## WHAT THIS TASK INVOLVES
All of the listing must be given again exactly, except that the images are dropped.

## DATASET EXCERPT
=== Begin Enclosure ===

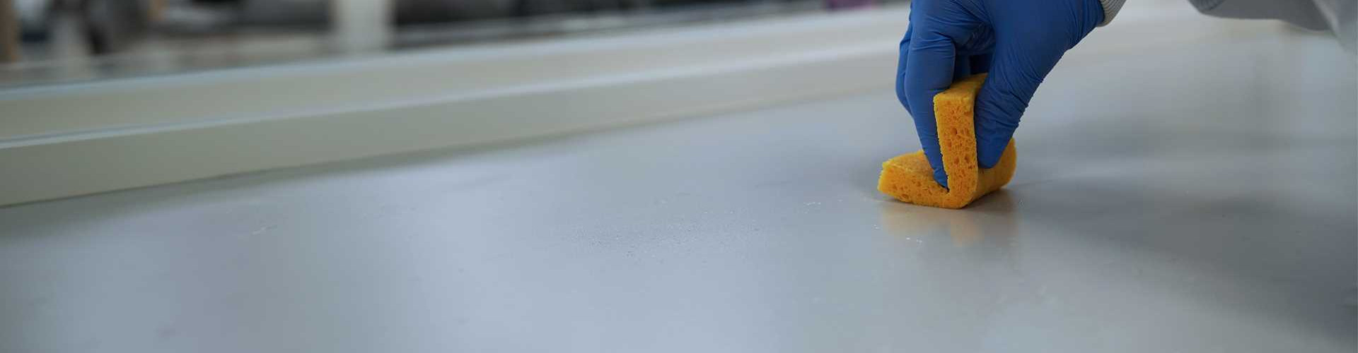 Sani-Sponge Éponge polyuréthane avec zone d'écriture et gantsÉponge polyuréthane avec zone d'écriture et gants
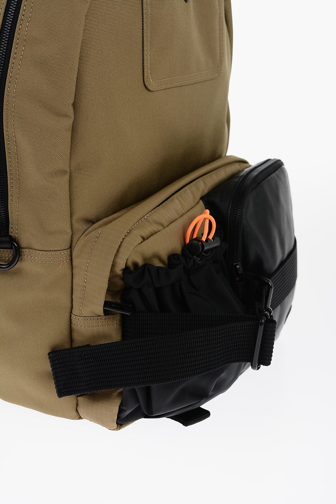 Two-Tone Multi-Pocket Backpack with Leather Trim
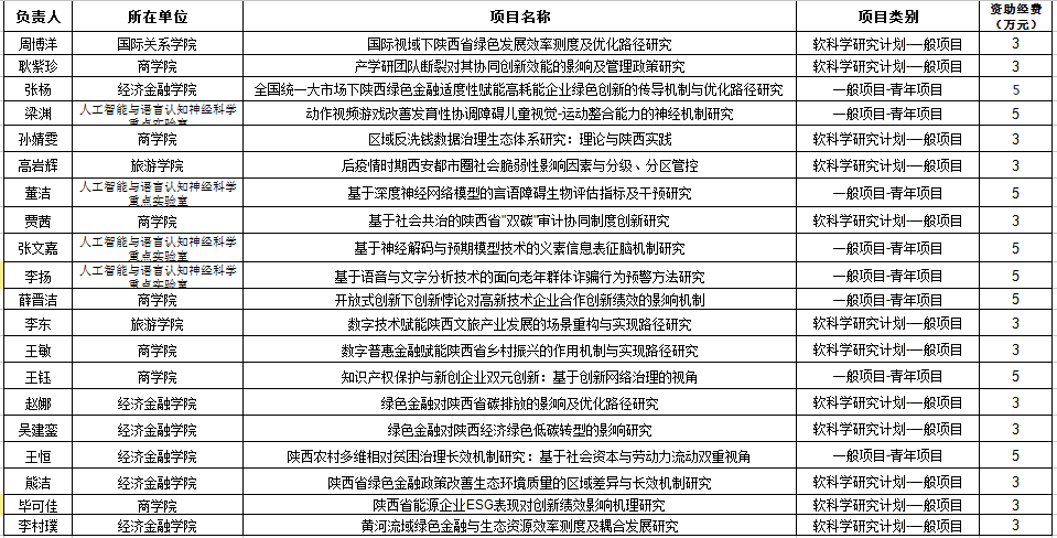 近日,陕西省科学技术厅发布了2023年度立项通知,我校共获批20项,工口漫画 共获批7项,其中省级青年基金分别由薛晋洁、王钰两位老师主持,软科学研究项目分别由贾茜、孙婧雯、耿紫珍、毕可佳、王敏五位老师主持。

=== End Enclosure ===

## TASK SOLUTION
 Sani-Sponge Éponge polyuréthane avec zone d'écriture et gantsÉponge polyuréthane avec zone d'écriture et gants
 Two-Tone Multi-Pocket Backpack with Leather Trim
 近日,陕西省科学技术厅发布了2023年度立项通知,我校共获批20项,工口漫画 共获批7项,其中省级青年基金分别由薛晋洁、王钰两位老师主持,软科学研究项目分别由贾茜、孙婧雯、耿紫珍、毕可佳、王敏五位老师主持。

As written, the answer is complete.